Ballistic performance
| Bullet mass/type | Velocity | Energy |
| 60 gr (4 g) FP | 2,101 ft/s (640 m/s) | 588 ft⋅lbf (797 J) |  |
| 75 gr (5 g) FP | 1,877 ft/s (572 m/s) | 587 ft⋅lbf (796 J) |  |
| 86 gr (6 g) SP | 1,673 ft/s (510 m/s) | 535 ft⋅lbf (725 J) |  |

= .25-20 Winchester =

Rifle cartridge

The .25-20 Winchester / 6.6x33mmR, or WCF (Winchester center fire), intermediate cartridge was developed around 1895 for the Winchester Model 1892 lever action rifle. It was based on necking down the .32-20 Winchester. In the early 20th century, it was a popular small game and varmint round, developing around 1,460 ft/s with 86-grain bullets.
But two years earlier Marlin Firearms Co. had already necked down the .32-20 Winchester, and called it the .25-20 Marlin. It was first chambered in Model 1889 lever action Marlins long before Winchester did the same thing and put their name on the .25-20.

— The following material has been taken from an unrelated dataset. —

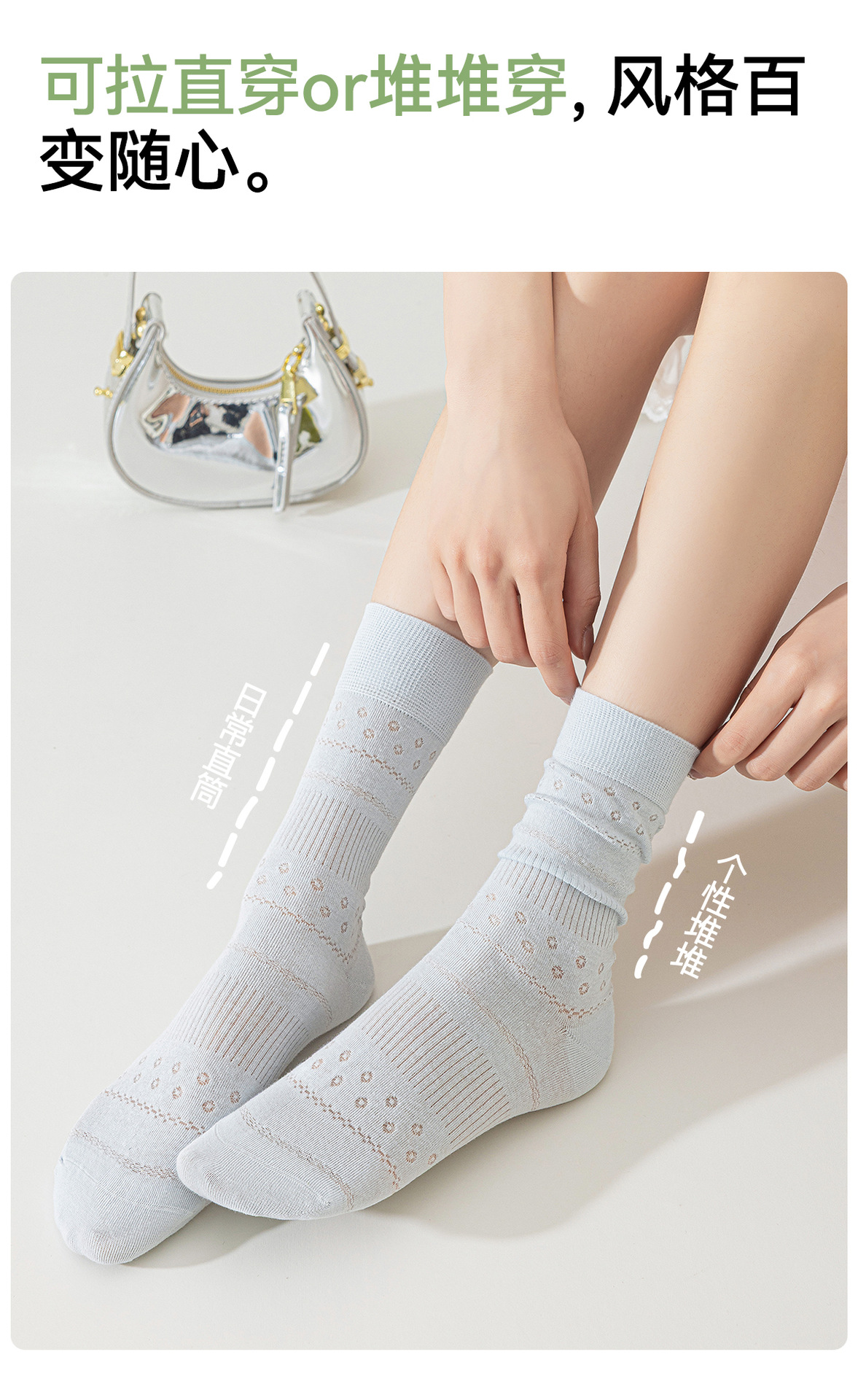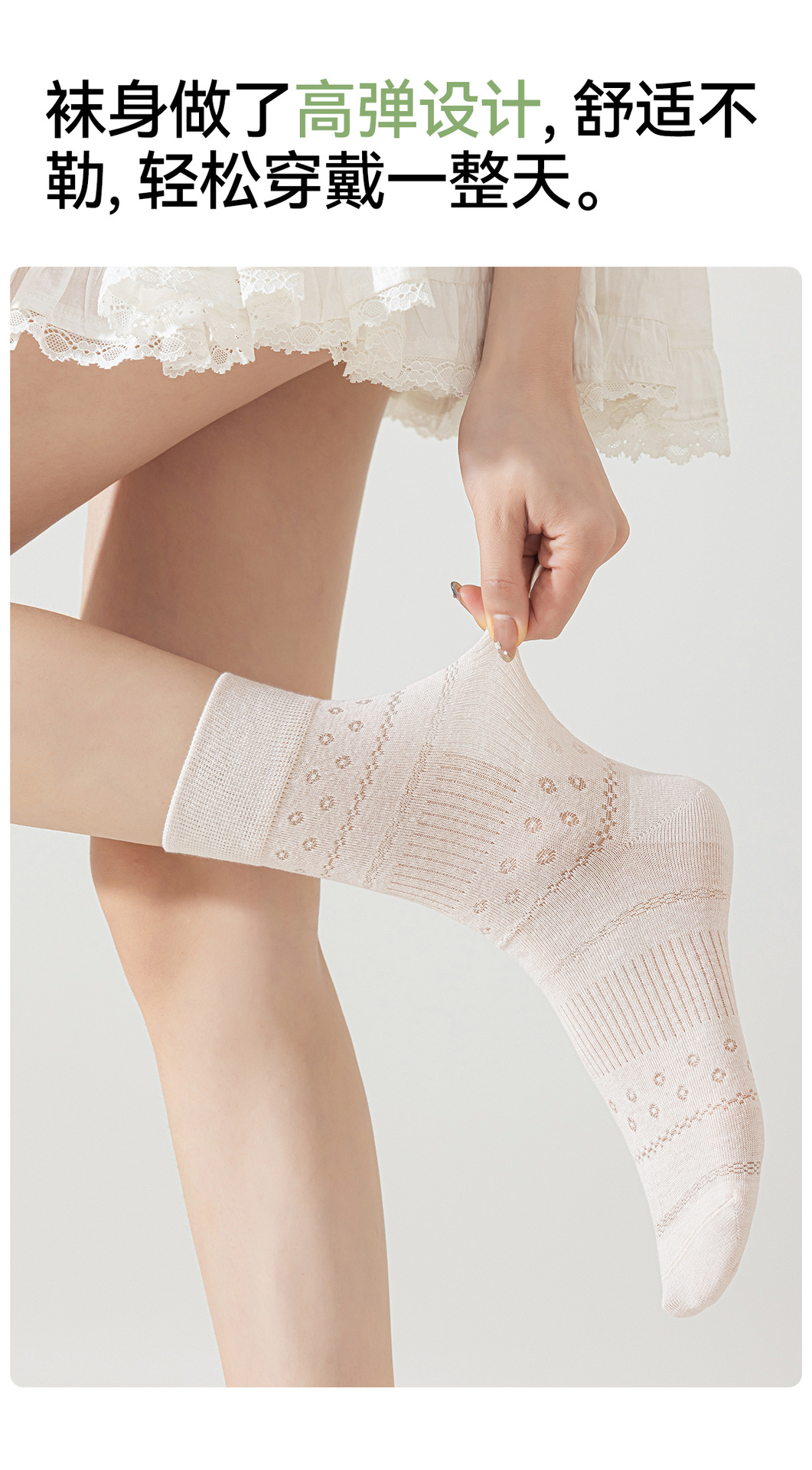 바오나스 여성용 여름 얇은 꽃무늬 중목 양말 미우미우 발레 스타일 통기성 땀 흡수 스타킹스토어 가기

While the SAAMI pressure rating is a full 28,000 CUP, modern ammunition is often loaded lighter in deference to the weaker steels used on many of the original guns. The early black powder cartridges were loaded to about 20,000 psi, but the SAAMI rating is close to that of the high velocity smokeless rounds produced later. The high velocity loadings developed 1,732 ft/s.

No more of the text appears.